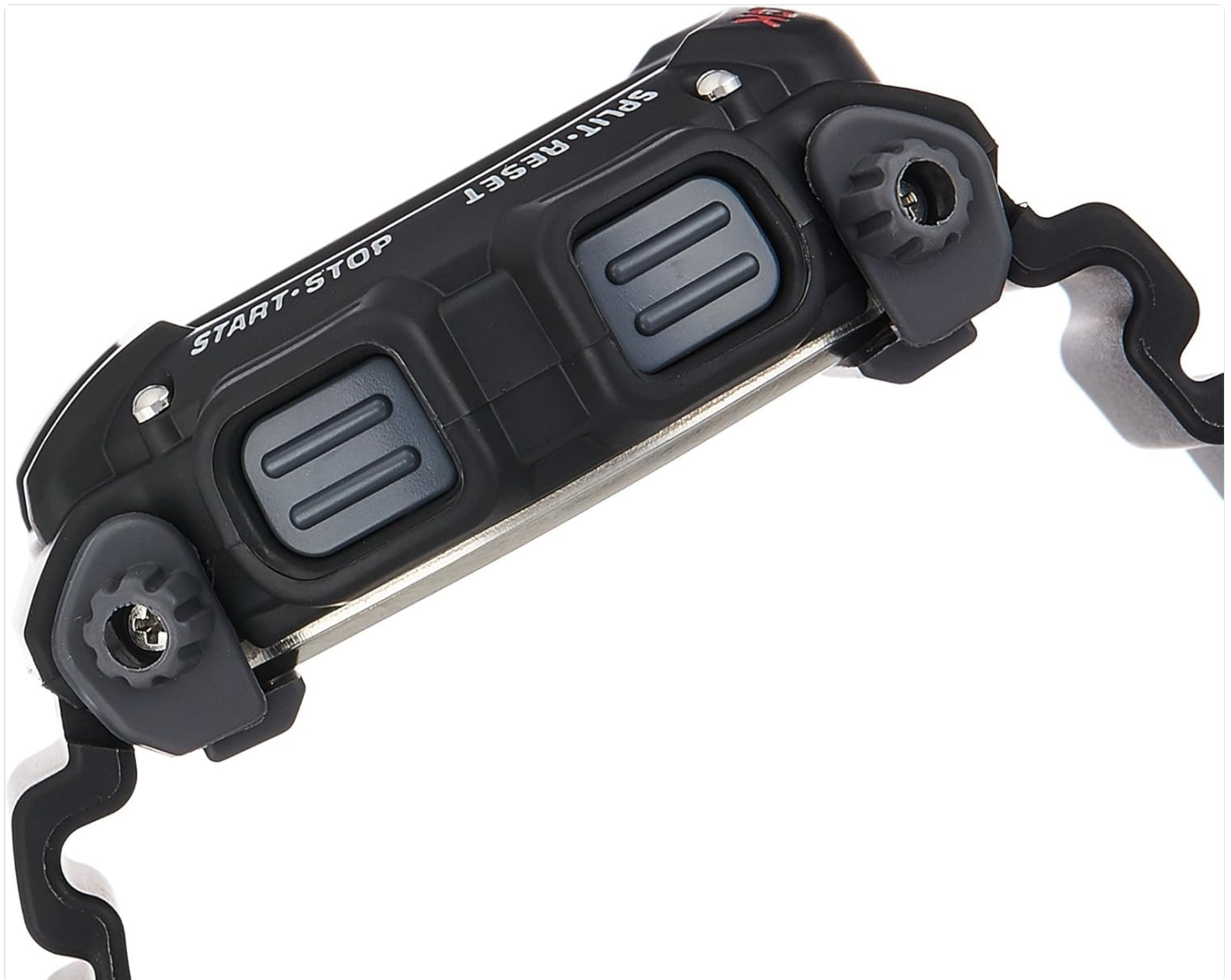
Figure 2: Side view of the Casio G-Shock DW9052, highlighting the robust casing and accessible control buttons.

The watch features a multi-alarm system and an hourly time signal. The flash alert function causes the backlight to flash when the alarm sounds or the hourly time signal is emitted.
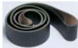
VSM CK721X / CK721J
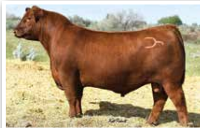
EGL Guidance 9117

Smoky Y Renown 8128F (RAAA:4050574) PIE Stockman 4051 (RAAA:1724236) PIE Quarterback 789 (RAAA:3838837) 9 Mile Big Chief 8281 (RAAA:3968872)
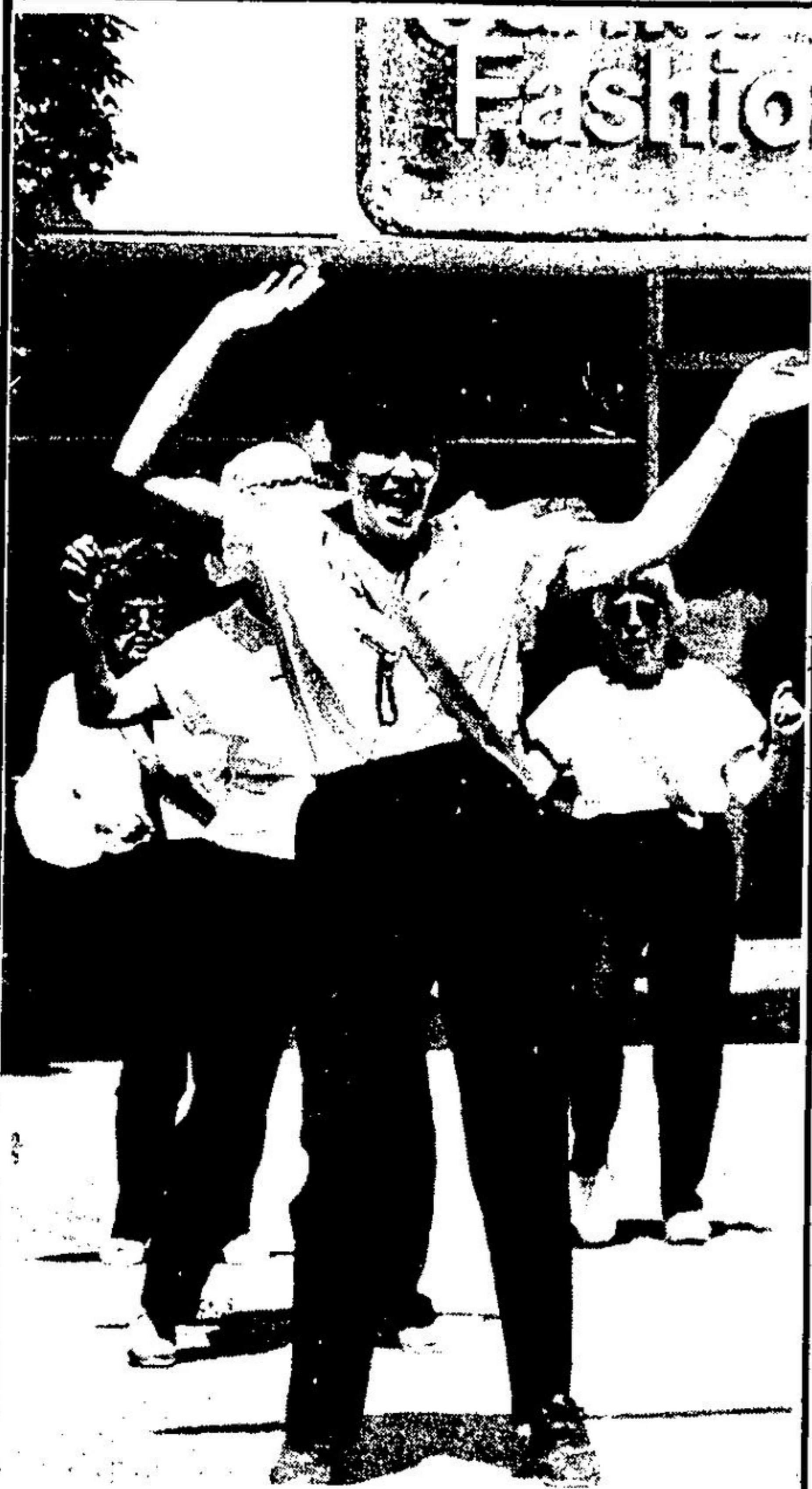
Into the swing

Everybody was getting into the swing of things at last year's Pioneer Days.
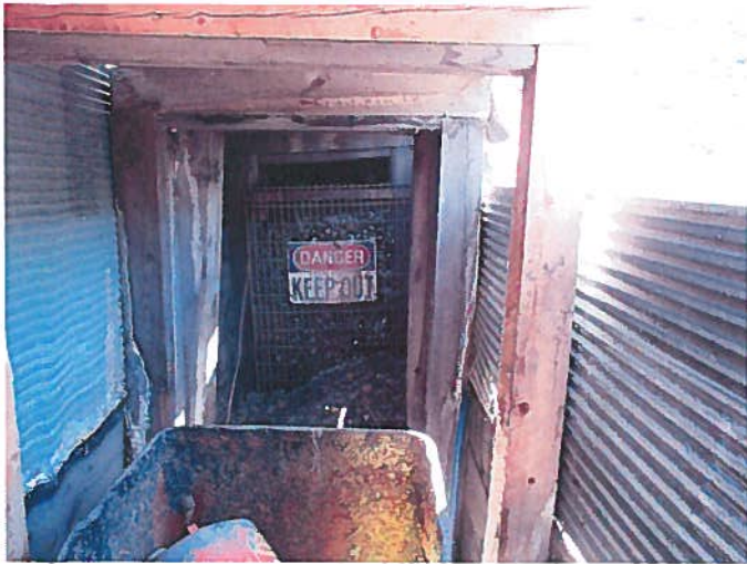
Figure 3: Tunnel No. 1A
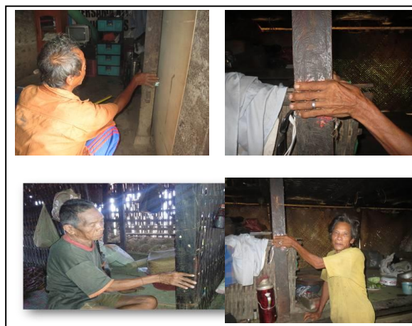
Figure 7. The width of the saka is equal to the length of the index finger

In theory, a rai is the length from the tip to the base of the index finger. Moreover, referring to the written text, measuring the bone segment on the outside of the index finger obtain the size of a rai . According to our observation, there is little difference between theory and application in society. From the interview with some elders of Bali Mula , there is an information that a rai is the distance from the tip of the index finger to the curve of the skin on the inside of the palm. The information from the community is in line with the fact that the width of Saka from Saka Roras' house is exactly the same as the length of the inside of index finger some resident.
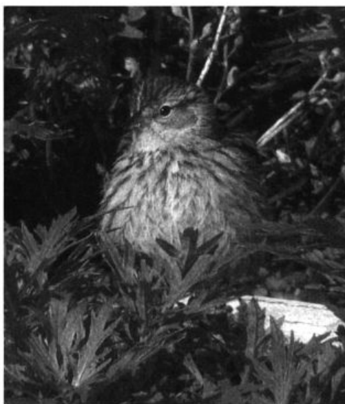
Two more Chipping Sparrows at Gambell, Alaska in fall 2006 (here 14 September) brings the autumn total there to a surprising 12 birds since 1998. This species breeds no closer than in southeastern and extreme eastern-central Alaska. All of these fall records have been of birds with remnant juvenal breast streaking, typical of many young, western Chippings but not shown by most mid-autumn juveniles in the East.

they are casual, with probable imm. Rufous Hummingbirds reported in Fairbanks (at least 4) 4 Aug–27 Sep (fide A.B.O.) and s. to Delta Jct. 17 Sep (fide SD). Another wandering Rufous made it to Kodiak 3 Sep (fide RAM), where the species is occasional. Following St. Lawrence I.'s first record from the spring, another Northern Flicker (of the Yellow-shafted group) darted around Gambell 7–14 Sep (LSa,
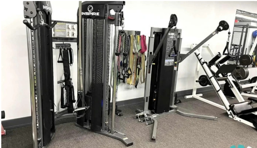
Positive gains training by owner
───
_Instructions for the task_.
The required output is the span of lines from the line with "Two more Chipping" through the final line of the listing above, reproduced exactly, minus the pictures.

_Answer below_.
Two more Chipping Sparrows at Gambell, Alaska in fall 2006 (here 14 September) brings the autumn total there to a surprising 12 birds since 1998. This species breeds no closer than in southeastern and extreme eastern-central Alaska. All of these fall records have been of birds with remnant juvenal breast streaking, typical of many young, western Chippings but not shown by most mid-autumn juveniles in the East.

they are casual, with probable imm. Rufous Hummingbirds reported in Fairbanks (at least 4) 4 Aug–27 Sep (fide A.B.O.) and s. to Delta Jct. 17 Sep (fide SD). Another wandering Rufous made it to Kodiak 3 Sep (fide RAM), where the species is occasional. Following St. Lawrence I.'s first record from the spring, another Northern Flicker (of the Yellow-shafted group) darted around Gambell 7–14 Sep (LSa,
Positive gains training by owner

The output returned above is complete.